Explore Results for the
2018 NAEP Civics Assessment

In 2018, the National Assessment of Educational Progress (NAEP) administered the civics assessment to a nationally representative sample of eighth-grade students. The civics assessment was delivered on digital devices for the first time in 2018, as well as on conventional paper and pencil formats. It assessed students’ knowledge and skills in democratic citizenship, government, and American constitutional democracy. Students also answered survey questions about their opportunities to learn and their engagement with civics in and outside of school.

How did students perform in civics?

In 2018, the average civics score for eighth-grade students was not significantly different from 2014. The 2018 average score was 3 points higher than that in 1998, the first assessment year.

FIGURE | Trend in eighth-grade NAEP civics average scores

A summary of the results from the 2018 civics assessment can be found in the Report Card Highlights.

Detailed Civics Assessment Results

More detailed civics assessment results are available throughout this Report Card.

About the Civics Assessment

The NAEP civics assessment measures students’ knowledge and understanding of civics with three interrelated components: knowledge, intellectual and participatory skills, and civic dispositions. Taken together, these three elements are defined in the framework as the core elements of civics instruction in the U.S. Learn more about the NAEP civics framework.

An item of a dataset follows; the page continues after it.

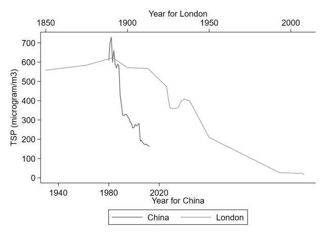 注释:上图显示了两国的年平均总悬浮颗粒 (TSP)——一种粗略的、现已不再使用的空气污染测量方法。黑线代表中国的平均值,灰线代表伦敦。

Assessment Design and Administration:
  • The civics assessment was administered between January and March of 2018.
  • A nationally representative sample of approximately 13,400 eighth-graders from about 780 schools across the nation participated in 2018.
  • This was the first digitally based civics assessment; previously it was administered only in a paper-based format. For this administration, students were randomly assigned to take either the digitally based assessment or the paper-based assessment.
  • Students answered questions related to civics for approximately 60 minutes.
  • Survey questionnaires were administered to students, teachers, and school administrators.

The Story of NAEP

The National Assessment of Educational Progress (NAEP) is a continuing and nationally representative measure of trends in academic achievement of U.S. elementary and secondary students in various subjects. It is the largest continuing and nationally representative assessment of what our nation's students know and can do in select subjects. It was first administered in 1969 to measure student achievement nationally. Teachers, principals, parents, policymakers, and researchers all use NAEP results to assess progress and develop ways to improve education in the United States.